Problem to work on ::
Here is the task for the listing below: output exactly the lines from the one containing "Новая акция с" through the one containing "Hi po. Sana", and leave out the pictures.
Information provided below:
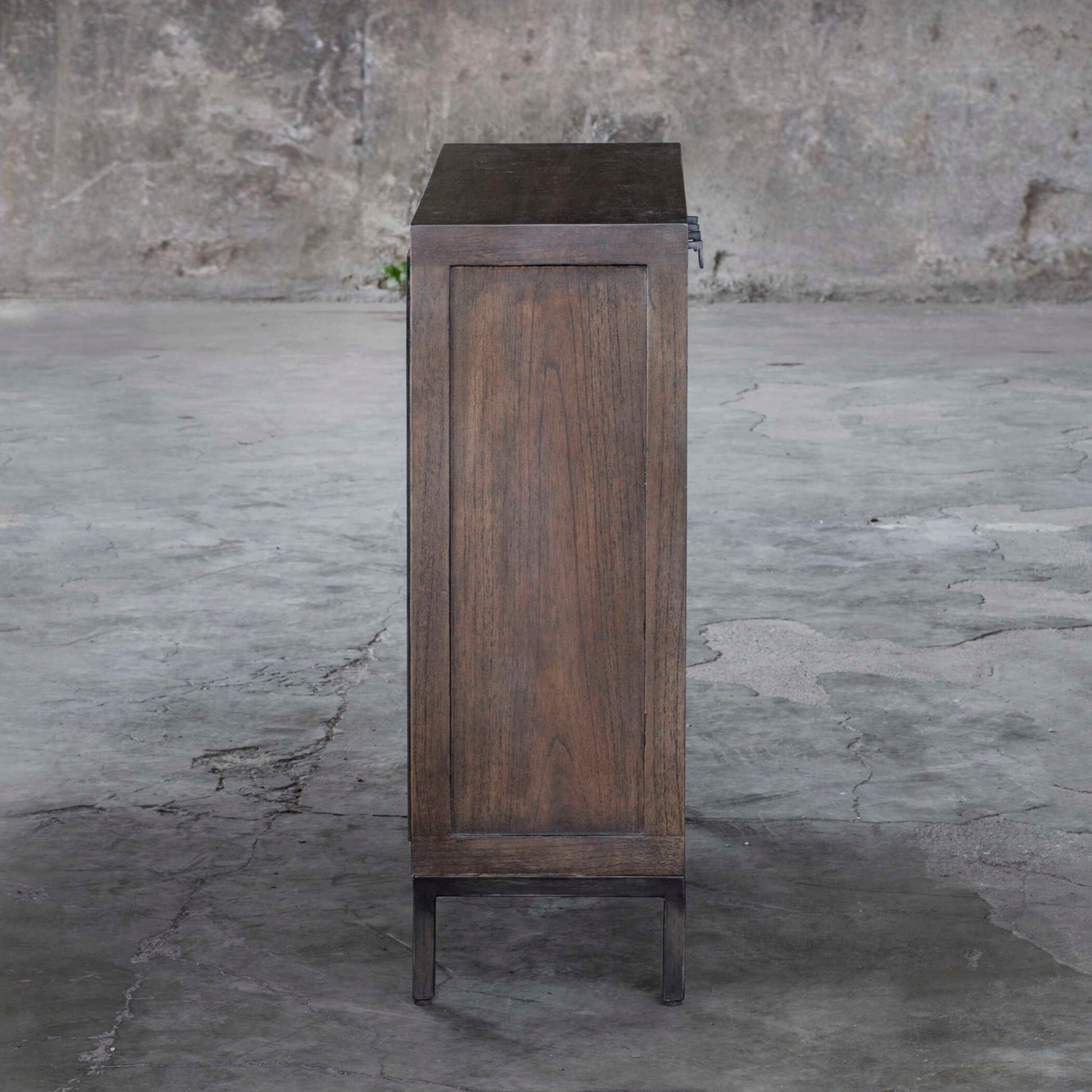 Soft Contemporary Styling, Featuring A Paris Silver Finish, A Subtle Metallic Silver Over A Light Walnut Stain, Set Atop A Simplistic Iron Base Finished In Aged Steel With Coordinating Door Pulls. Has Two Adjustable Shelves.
End of Information provided.
Information provided below:
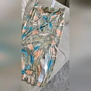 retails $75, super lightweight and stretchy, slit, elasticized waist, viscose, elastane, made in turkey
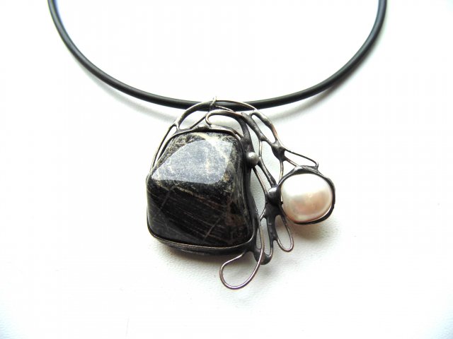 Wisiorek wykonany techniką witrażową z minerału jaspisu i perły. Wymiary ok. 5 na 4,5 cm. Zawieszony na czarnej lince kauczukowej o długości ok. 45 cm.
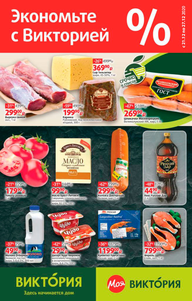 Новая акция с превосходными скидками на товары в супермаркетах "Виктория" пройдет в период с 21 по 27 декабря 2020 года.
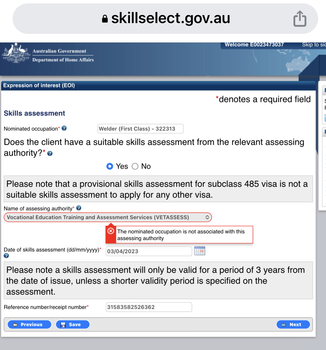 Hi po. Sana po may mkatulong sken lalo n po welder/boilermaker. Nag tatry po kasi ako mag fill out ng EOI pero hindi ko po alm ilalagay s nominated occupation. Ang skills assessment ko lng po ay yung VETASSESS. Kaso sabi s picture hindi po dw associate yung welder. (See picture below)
End of Information provided.
Response for this exercise ::
 Новая акция с превосходными скидками на товары в супермаркетах "Виктория" пройдет в период с 21 по 27 декабря 2020 года.
 Hi po. Sana po may mkatulong sken lalo n po welder/boilermaker. Nag tatry po kasi ako mag fill out ng EOI pero hindi ko po alm ilalagay s nominated occupation. Ang skills assessment ko lng po ay yung VETASSESS. Kaso sabi s picture hindi po dw associate yung welder. (See picture below)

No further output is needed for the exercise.